Or maybe it won't. Indeed, it probably won't.
So what then?
It's interesting that agriculture carried the freight before the extractive industries. And that likely was as it was making more money per capita than it does now. Some serious examination should be given to reviving that situation while we still have the money to do so. Long term economic planning doesn't seem to be our forte, however, or we would have picked up the Occidental lands while we could have, which we didn't. We've noted that here before.

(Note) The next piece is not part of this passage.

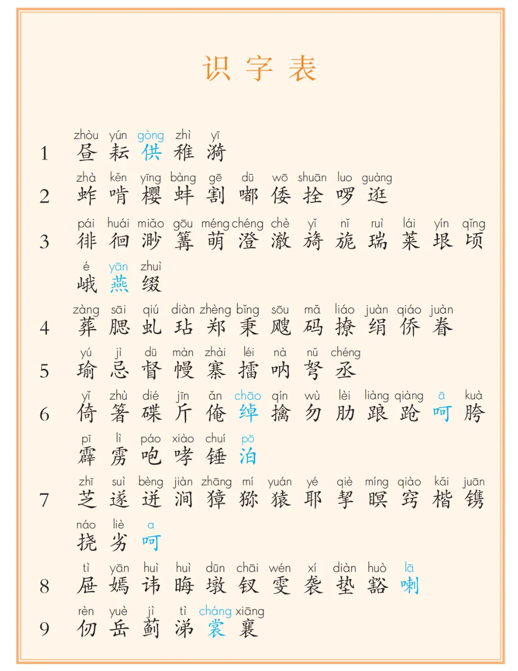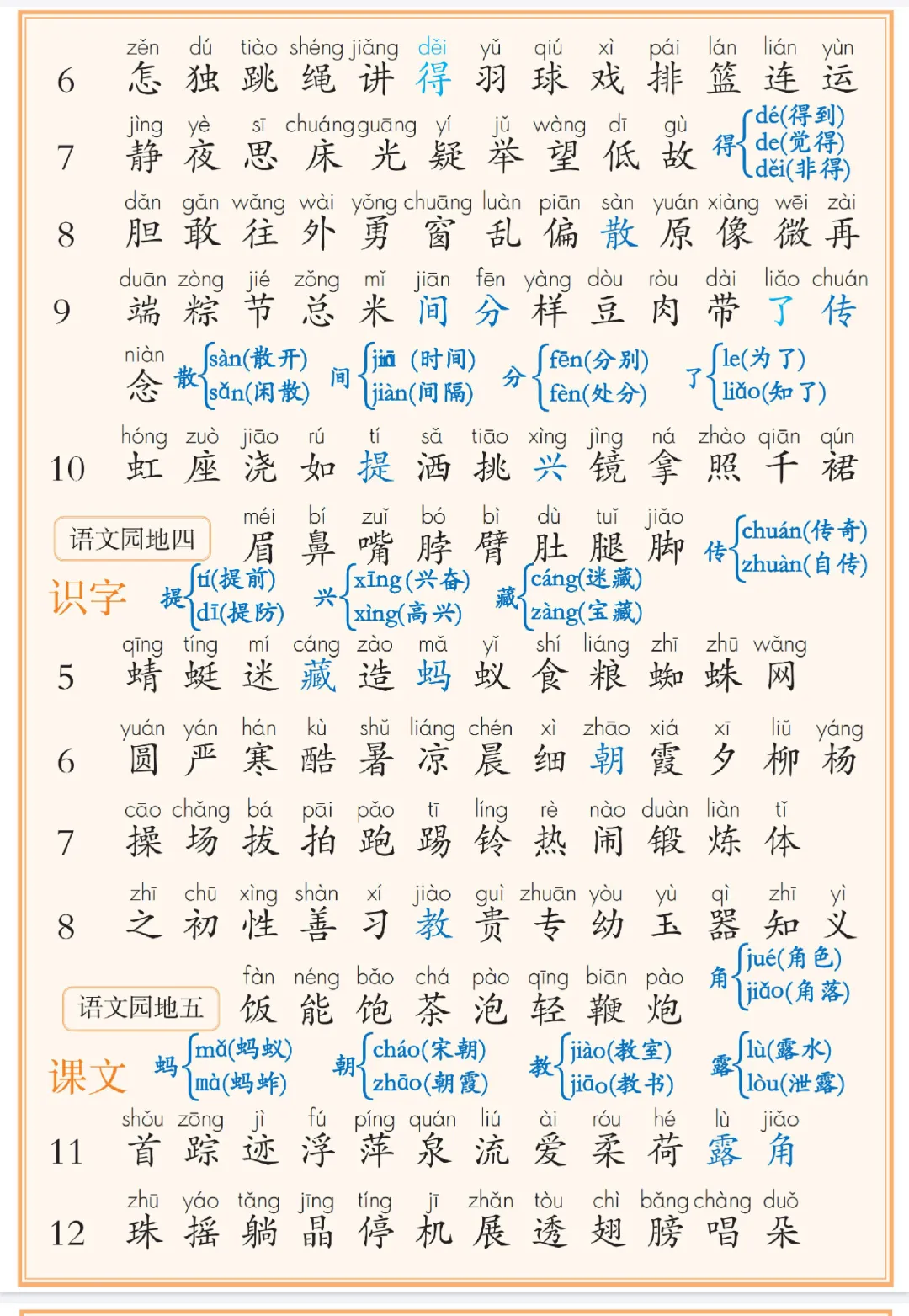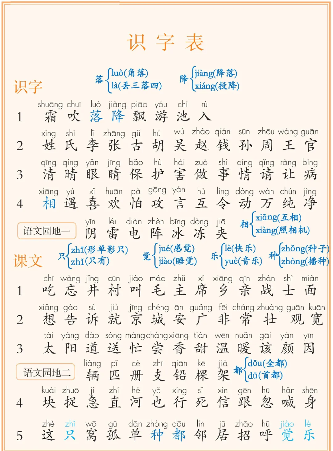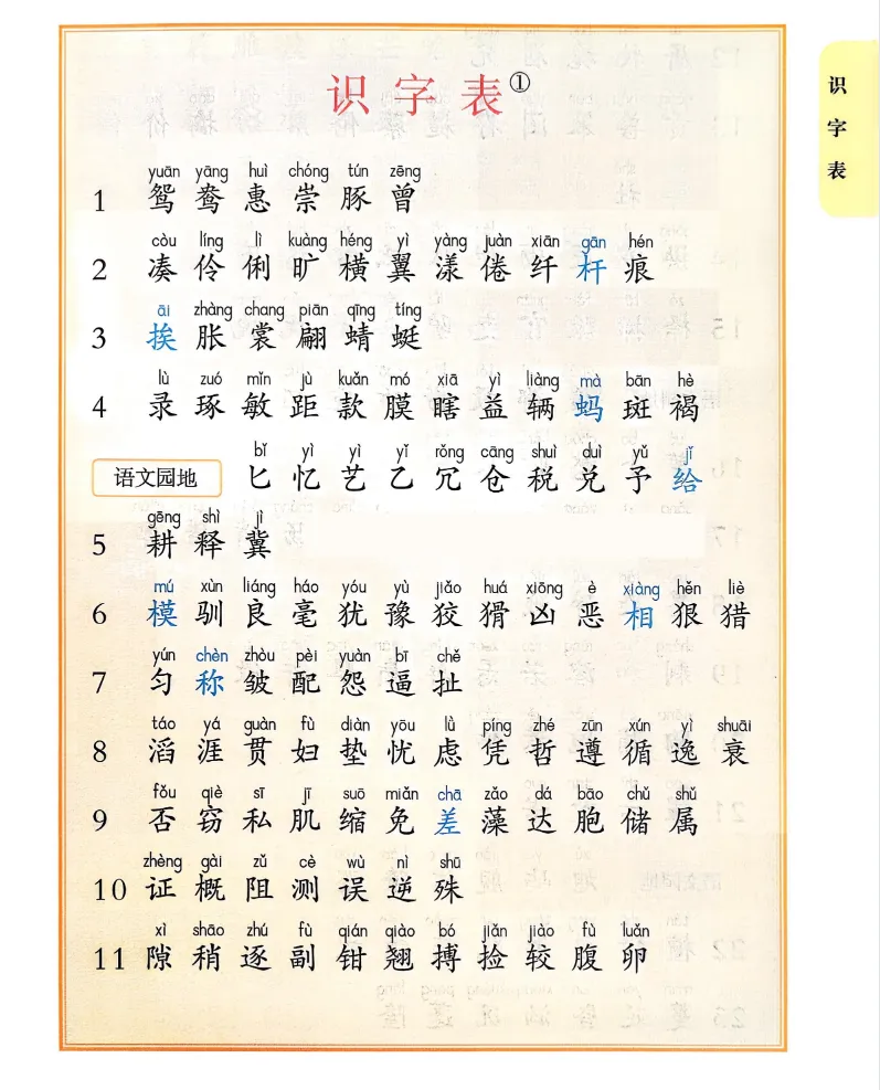 (识字表、写字表、生字表)

Where we're headed in the country right now with agricultural commodities is really hard to say. The United States has had a "cheap food" policy since after World War Two and it appears intent on keeping it. Cheap food is great for everyone, but it's greater for those consuming than those producing and its driven agricultural consolidation and monoculture. One thing Wyoming could do is to try to boost the mid and downstream aspects of agriculture, which we haven't done much of. That is, we don't have large commercial meat packing here, we don't have wool mills and so on. That may seem like not much, but it could be a lot, if done right.

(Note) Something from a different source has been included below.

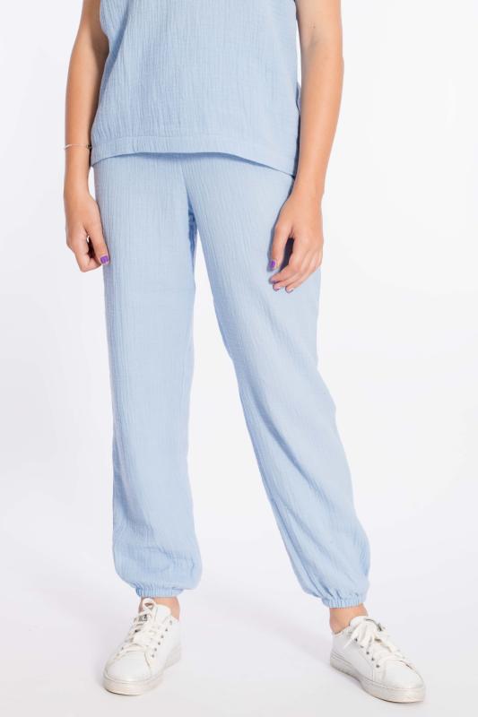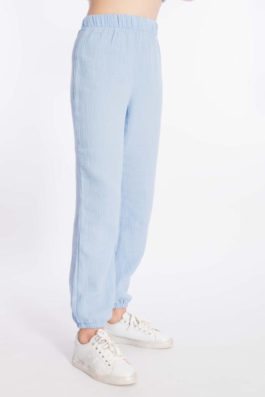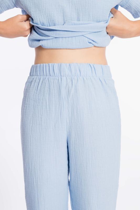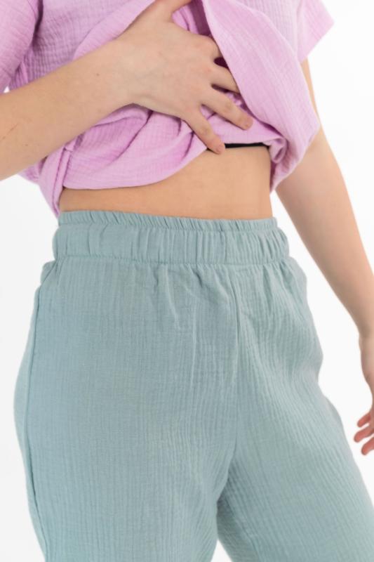 Детские летние брюки выполнены из муслина. Пояс и низ брюк на резинке.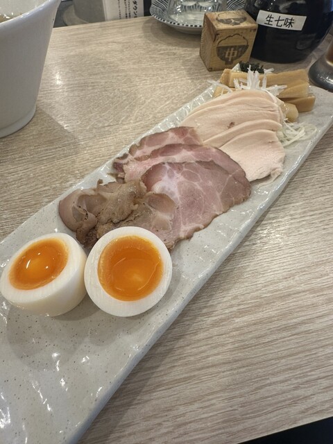 ・全トッピング(白ネギ、味玉、メンマ、レアチャーシュー、鶏チャーシュー、炙りチャーシュー)各100円

If we're talking about agriculture and taxes, of course, we're into a new area that I didn't explore before. And if we're talking ag, what that means is that we're really looking at a mixed tax base, based on taxing production. Indeed, taxing wind and solar (and severance taxes) is really the same thing, but this would be on a broader basis.
Prior suggestions to tax production of every kind has been really hostilely received, however. Certainly a proposal to tax services, such as legal services, was hugely opposed some years ago.
About the only things left to tax, however, is land and income. There's little support for taxing property rates at an increased level, but I do have to wonder what would be the case if it was graduated. An effort like that would be specifically designed to tax the extremely wealthy and I suspect most Wyomingites would welcome that at some level. As far as I know, that's never been suggested so there's no way to know. People might resent the suggestion as unfair.
That leaves income taxes, which there is no present support to impose. I suppose it also leaves sales taxes, which there's no support to increase.
None of which addresses the cost of government itself. With no money, it'll have to shrink, there's no other choice. And given where we're presently at in this discussion, that seems inevitable. But how that will be done is yet to be seen. We will, I think, be seeing it in the very near future.
Which takes us back to the 1960s.
I was around in the 1960s, to be sure, but I don't recall much about state government and its funding woes. Shoot, I was seven years old when 1970 arrived, so I wouldn't.
I'd guess that the budget problems persisted into the early 1970s, but again, I don't recall much about that sort of thing. How much smaller was our government back then?
It's something we should begin to ask. At the state level, rather than the Federal one, everything has to be paid for. The state passed up on acquiring economic land, which will likely be to our huge regret really rapidly. We could likely have brought in large sums through it, but now we won't. And we don't have any immediately clear path out of where we are. That may mean a return to budgets of the past.
But what does that mean?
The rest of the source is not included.